◆ Exercise description
Produce an exact transcription of the data, with the images left out.

◆ Material provided
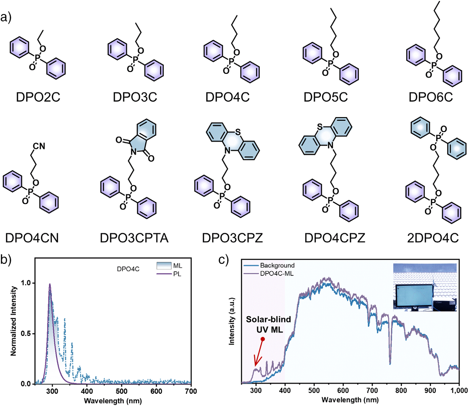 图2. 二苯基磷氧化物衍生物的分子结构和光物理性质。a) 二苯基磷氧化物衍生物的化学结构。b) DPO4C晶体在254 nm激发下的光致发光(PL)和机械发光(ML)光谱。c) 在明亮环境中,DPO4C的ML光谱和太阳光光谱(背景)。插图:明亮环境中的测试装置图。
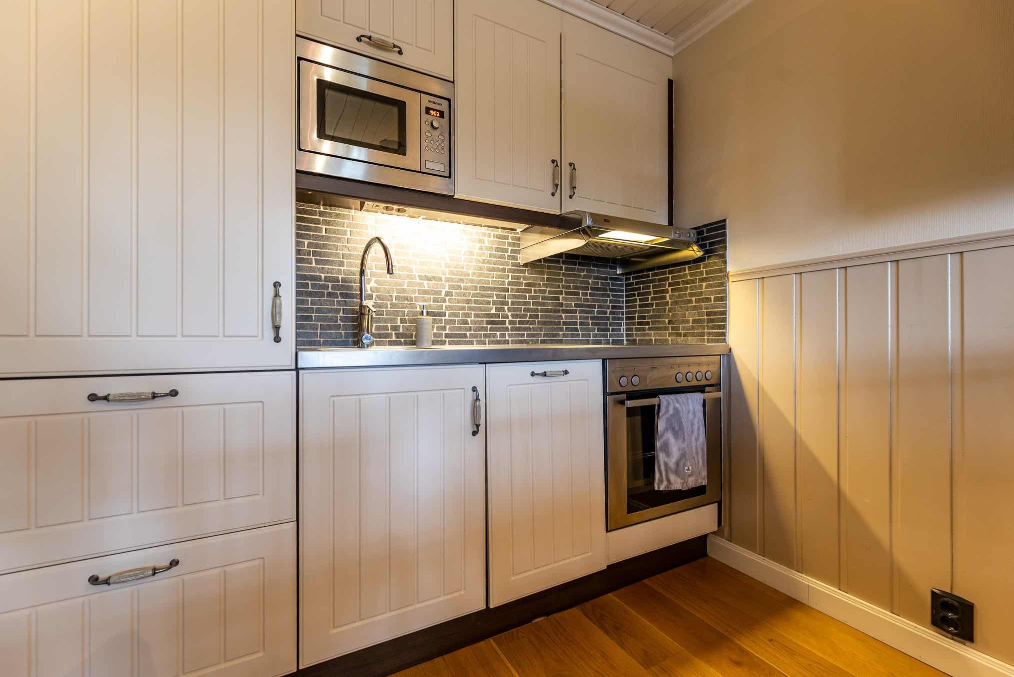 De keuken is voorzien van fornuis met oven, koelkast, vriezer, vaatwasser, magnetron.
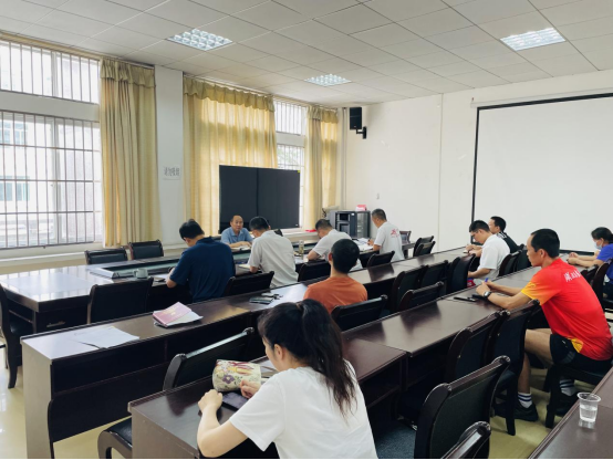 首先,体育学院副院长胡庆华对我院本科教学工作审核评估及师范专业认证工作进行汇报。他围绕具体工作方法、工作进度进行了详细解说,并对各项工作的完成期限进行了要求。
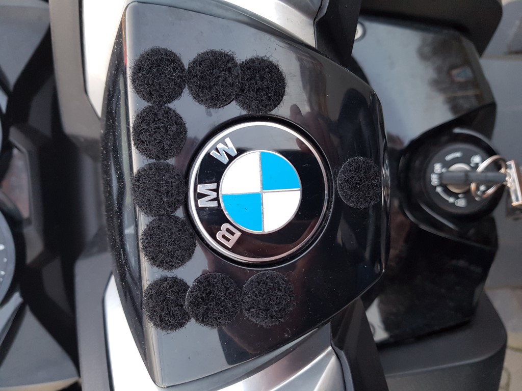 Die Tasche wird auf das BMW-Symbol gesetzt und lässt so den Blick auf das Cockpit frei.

◆ Your solution
 图2. 二苯基磷氧化物衍生物的分子结构和光物理性质。a) 二苯基磷氧化物衍生物的化学结构。b) DPO4C晶体在254 nm激发下的光致发光(PL)和机械发光(ML)光谱。c) 在明亮环境中,DPO4C的ML光谱和太阳光光谱(背景)。插图:明亮环境中的测试装置图。
 De keuken is voorzien van fornuis met oven, koelkast, vriezer, vaatwasser, magnetron.
 首先,体育学院副院长胡庆华对我院本科教学工作审核评估及师范专业认证工作进行汇报。他围绕具体工作方法、工作进度进行了详细解说,并对各项工作的完成期限进行了要求。
 Die Tasche wird auf das BMW-Symbol gesetzt und lässt so den Blick auf das Cockpit frei.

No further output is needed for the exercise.